Even when you no longer have a relationship with us, we are required to keep information for different legal and regulatory reasons. The length of time will vary and we regularly review our retention periods to make sure they comply with all laws and regulations: typically, we will be required to retain your personal information for a minimum of 7 years after our relationship has ended.

You have a number of rights under data protection laws which may be exercised in certain circumstances.

These are:

Right to be informed about how and why we are processing your personal information

You have a right to receive clear and easy to understand information on what personal information we have, why and who we share it with - we do this in our Privacy Notice and on our websites and platforms.

Right of access to personal information relating to you

You have the right of access to your personal information. If you wish to receive a copy of the personal information we hold on you, you may make a data subject access request (DSAR) by contacting Platform-DSAR@abrdn.com or in writing/email to the Data Protection Officer (see How to Contact Us section).

Right to request rectification of inaccurate or incomplete personal information

If your personal information is inaccurate or incomplete, you can request that it is corrected.

Right to request erasure of your personal information

You can ask for your information to be deleted or removed if there is not a compelling reason for abrdn to continue to have it.

Right to restrict processing of your personal information

You can ask that we block or suppress the processing of your personal information for certain reasons. This means that we are still permitted to keep your information – but only to ensure we don’t use it in the future for those reasons you have restricted.

Right to data portability

You can ask for a copy of your personal information for your own purposes to use across different services. In certain circumstances, you may move, copy or transfer the personal information we hold to another company in a safe and secure way. For example, if you were moving your pension to another pension provider.
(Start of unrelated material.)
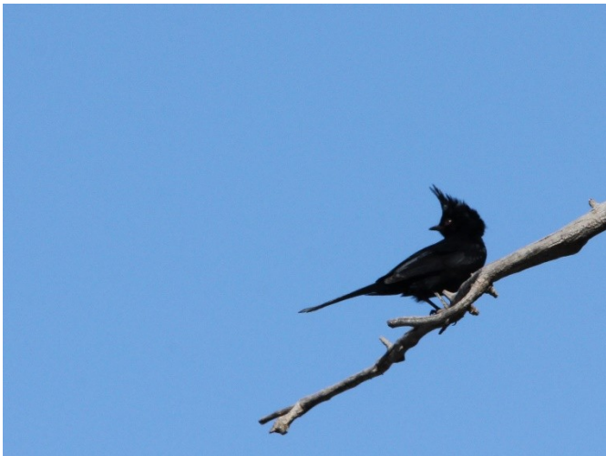
Phénopèle en Arizona

Right to object to processing of your personal information

You can object to abrdn processing your personal information where: it’s based on our legitimate interests (including profiling); for direct marketing (including profiling); and if we were using it for scientific/historical research and statistics.

Right to not be subject to automated decision making including profiling

You have the right to ask abrdn to:

give you information about its processing of your personal information
request human intervention or challenge a decision where processing is done solely by automated processes
carry out regular checks to make sure that our automated decision making and profiling processes are working as they should.
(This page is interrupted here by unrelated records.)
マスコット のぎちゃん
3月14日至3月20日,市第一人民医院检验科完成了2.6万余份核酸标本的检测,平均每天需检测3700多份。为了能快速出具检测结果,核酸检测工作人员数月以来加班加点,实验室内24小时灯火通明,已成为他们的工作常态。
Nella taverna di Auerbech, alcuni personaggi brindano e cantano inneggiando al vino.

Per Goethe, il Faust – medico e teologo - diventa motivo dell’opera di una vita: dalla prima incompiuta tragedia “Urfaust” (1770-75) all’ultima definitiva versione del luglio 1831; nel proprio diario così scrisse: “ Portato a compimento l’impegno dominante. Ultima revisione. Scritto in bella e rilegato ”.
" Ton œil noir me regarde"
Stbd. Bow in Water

More information can be found on your rights here https://ico.org.uk/for-the-public/

If you want to talk to us about any of the individual rights, please contact us at our Data Protection Officer’s address.

We will always strive to collect, use and safeguard your personal information in line with data protection laws. If you do not believe we have handled your information as set out in our Privacy Notice, please let us know immediately and we will do our utmost to make things right.

Please contact us at:

FAO Data Protection Officer
abrdn,
1 George Street,
Edinburgh,
EH2 2LL

Email: DPOffice@abrdn.com

While we hope that we can resolve any complaints for you, you do have the option to complain to the ICO (whether or not you have exhausted our complaints procedure). Their contact details are as follows:

Website: www.ico.org.uk

Postal address:

Information Commissioner’s Office, Wycliffe House,
Water Lane, Wilmslow, Cheshire, SK9 5AF

Telephone: 0303 123 1113 (local rate) or 01625 545 745 if you prefer to use a national rate number.